Andre Arendse

Personal information
- Full name: Andre Leander Arendse
- Date of birth: 27 June 1967 (age 59)
- Place of birth: Cape Town, South Africa
- Height: 1.91 m (6 ft 3 in)
- Position: Goalkeeper

Youth career
- Vasco Da Gama

Senior career*
- Years: Team / Apps / (Gls)
- 1991–1998: Cape Town Spurs / 187 / (0)
- 1992: → Santos (loan) / 38 / (0)
- 1998–2000: Fulham / 12 / (0)
- 2000: Oxford United / 11 / (0)
- 2000–2003: Santos / 101 / (0)
- 2003–2005: Mamelodi Sundowns / 45 / (0)
- 2005–2009: Supersport United / 40 / (0)
- 2013: Bidvest Wits / 2 / (0)
- Total:  / 436 / (0)

International career^{‡}
- 1995–2004: South Africa / 67 / (0)

= Andre Arendse =

South African footballer

Andre Leander Arendse (born 27 June 1967) is a South African former soccer player who played as a goalkeeper.

He now works as an assistant and goalkeeper coach for Supersport United and has also been a co-presenter with SuperSport.

==Playing career==

===Club career===
Arendse made his debut in 1991 for Cape Town Spurs in the now defunct NSL, being loaned to Cape Town side Santos in 1992. He later played professionally for Oxford United, Fulham (both England), Santos, Mamelodi Sundowns and SuperSport United.

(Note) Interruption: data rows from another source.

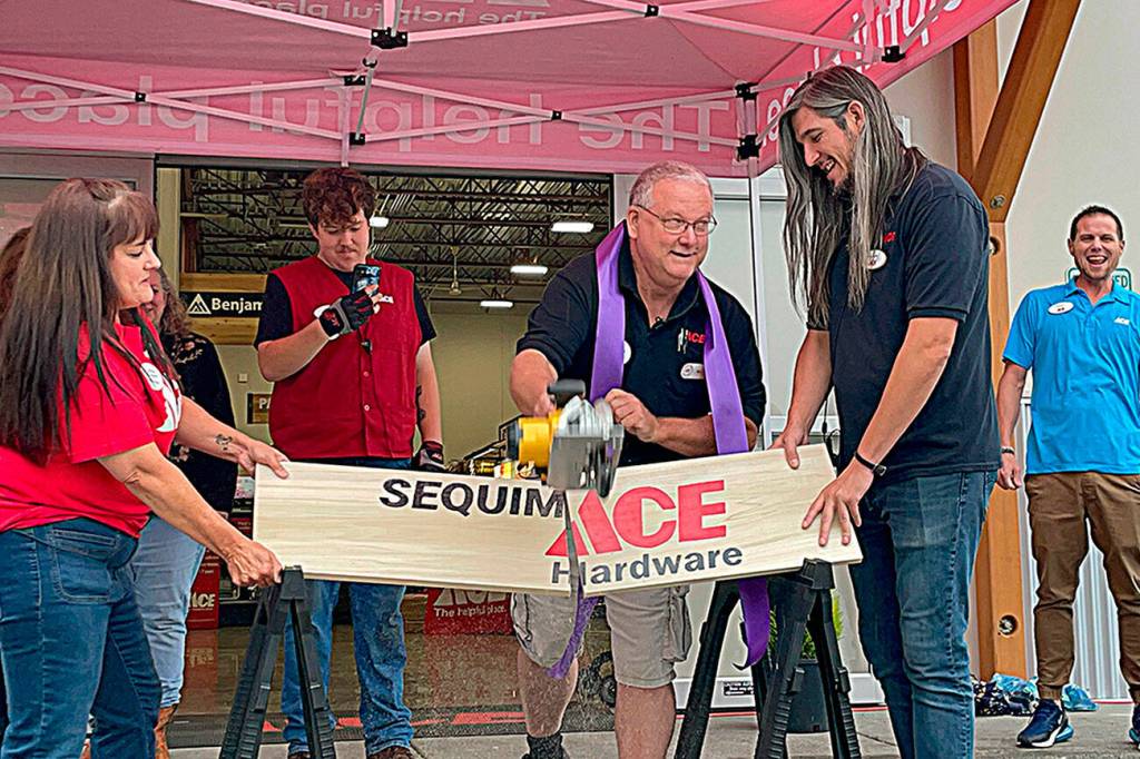 Store manager Bill McClansburgh cut the chamber’s ribbon and sawed an “Ace Hardware” sign on Aug. 31 to commemorate the new store at 232 Valley Center Place in Carlsborg.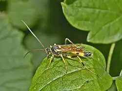 Amblyteles armatorius can reach a length of 12–16 mm, excluding antennae, which reach about 9 millimetres (0.35 in). The head and thorax of this large wasp are black, except the yellow scutellum. The abdomen is yellow and more oval in the females, with broad black bands. Legs are yellow, except the hind legs, that are black and yellow. This species lacks a sting, so the characteristic markings of many aculeate wasps represent a protective mimicry.[8] [9] The female has a very short ovipositor that doesn't protrude from the abdomen.[7]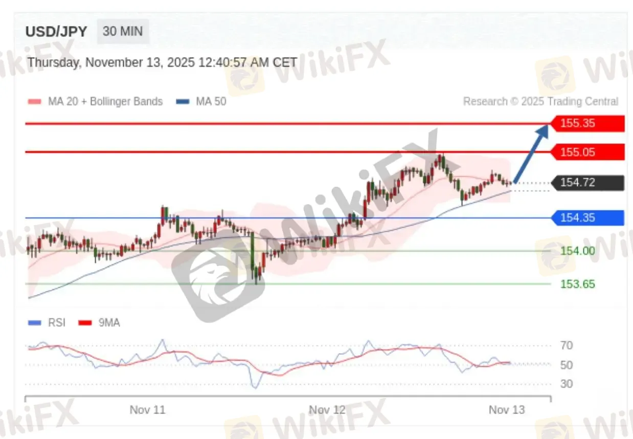 在 154.35 之上,看涨,目标价位为 155.05 ,然后为 155.35 。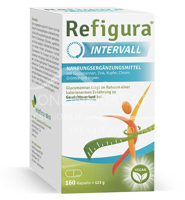 - Hinweise: Nicht für Schwangere, Stillende, Jugendliche und Kinder geeignet. Enthält Glucomannan: Für Personen mit Schluckbeschwerden nicht geeignet. Bei Schluckbeschwerden und bei ungenügender Flüssigkeitszufuhr während der Einnahme besteht Erstickungsgefahr. Medikamente und Vitamine sollten in einem zeitlichen Abstand von einer Stunde vor bzw. vier Stunden nach Refigura Intervall eingenommen werden. Kühl, trocken und lichtgeschützt lagern.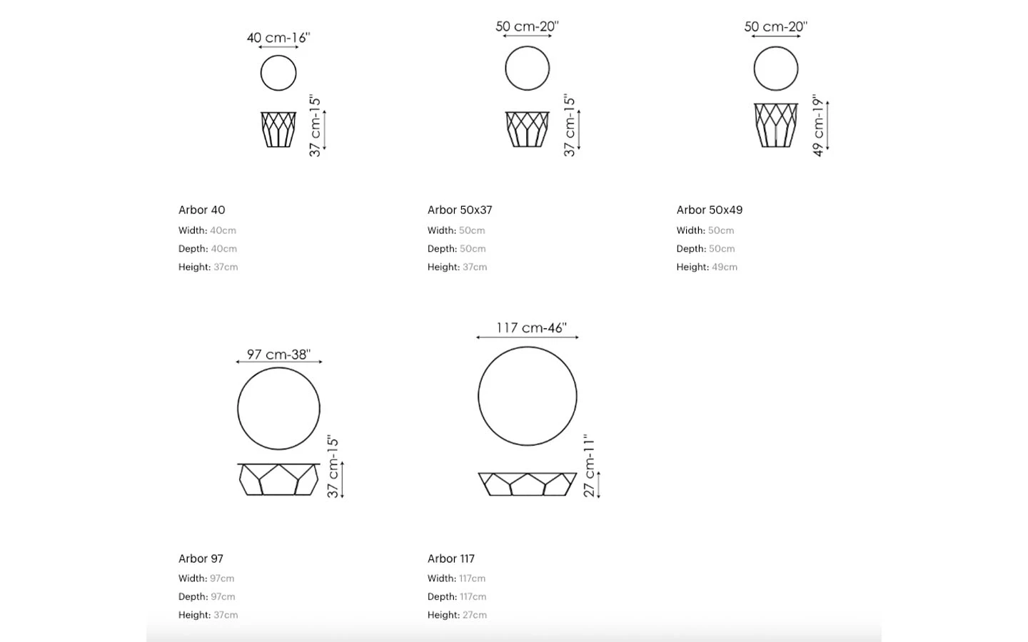 ARBOR LOW TABLE е италианска ниска маса от колекцията на италианския производител Bonaldo. Основата на масата е изработена от метал – голямо разнообразие от финиши по избор на клиента. Плотът на масата може да бъде от метал, стъкло или керамика – разнообразие от финиши по избор на клиента. Цената на масата се формира на база на избора на размер, вид плот и финиш на основата.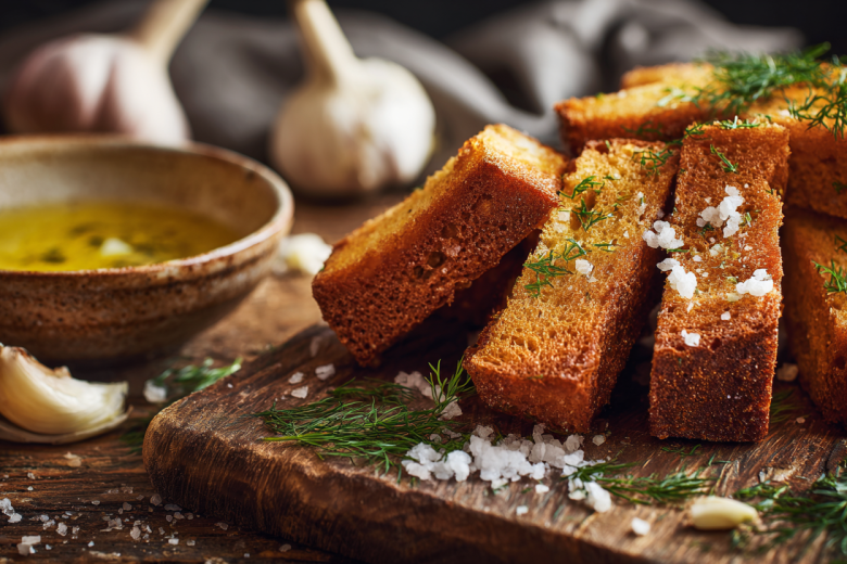 Секрет идеальных домашних гренок — в правильном хлебе и ароматном масле. Лучше всего брать слегка подсохший ржаной или бородинский хлеб: свежий батон впитает слишком много жира и превратится в вату. Хлеб нарезают продолговатыми брусками. В сковороде растапливают смесь сливочного и оливкового масла — это предохраняет молочные жиры от пригорания. Чеснок раздавливают ножом, мелко рубят и на минуту опускают в теплое масло, чтобы отдать аромат, а затем сразу удаляют, иначе он сгорит и даст горечь. В это масло выкладывают хлеб и обжаривают со всех сторон до золотистой хрустящей корочки. Горячие гренки выкладывают на бумажное полотенце на минуту, а затем, пока они еще теплые, обваливают в смеси мелко рубленого укропа и крупной морской соли. Подают слегка остывшими.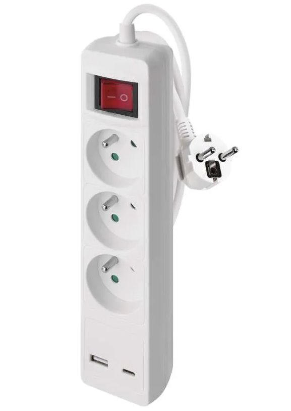 Prodlužovací kabel 2 m / 3 zásuvky / s vypínačem / bílý / 1×USB-A + 1×USB-C / 1,5 mm2

He retired from football in 2009 winning the Premier Soccer League title with SuperSport United. In May 2013, Arendse returned as an emergency goalkeeper for Bidvest Wits due to injuries to the club's goalkeepers Steven Hoffman, Jackson Mabokgwane, Emile Baron and Ryan Harrison. This made him the oldest player in PSL history surpassing the previous record set by Bruce Grobbelaar.

===International career===
He represented South Africa 67 times having made his debut in 1995. He was initially in the 1998 FIFA World Cup squad, but had to pull out due to injury. His replacement Paul Evans also withdrew through injury and was replaced by Simon Gopane. He was South Africa's first-choice goalkeeper at the 2002 FIFA World Cup, and retired from international football in 2004. He was also the starting goalkeeper for the South Africa team that won the 1996 African Cup of Nations.

==Coaching career==
Arendse took over as interim coach of Supersport United in April 2022. However, the club appointed Gavin Hunt to the permanent position, with Arendse remaining as assistant, stating that Arendse didn't have the requisite coaching qualifications should the club qualify for continental competition.